▶ Required action
Set down, exactly and with no pictures, the line that contains "EzyType is a" and all lines after it in the listing.

▶ Supplied material
+++++
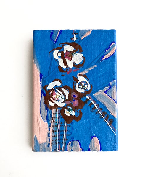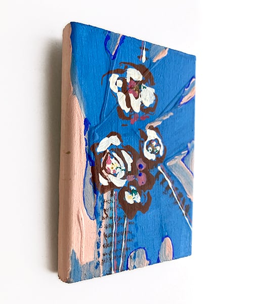 木片に、アクリル・水彩・パステルを重ねて描いています。
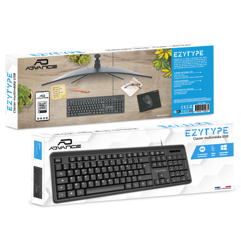 EzyType is a USB multimedia keyboard designed to offer a smooth and convenient experience. With its 105 Azerty keys, it guarantees comfortable and responsive typing, ideal for professional or personal use.
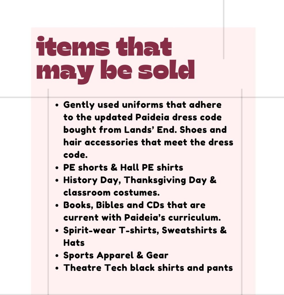 - If your item looks worn out or has stains or holes and you would not buy it, please do not consign it. We reserve the right to pull any items that are not in good condition or do not adhere to the school’s guidelines.
+++++
▶ Expected answer
 EzyType is a USB multimedia keyboard designed to offer a smooth and convenient experience. With its 105 Azerty keys, it guarantees comfortable and responsive typing, ideal for professional or personal use.
 - If your item looks worn out or has stains or holes and you would not buy it, please do not consign it. We reserve the right to pull any items that are not in good condition or do not adhere to the school’s guidelines.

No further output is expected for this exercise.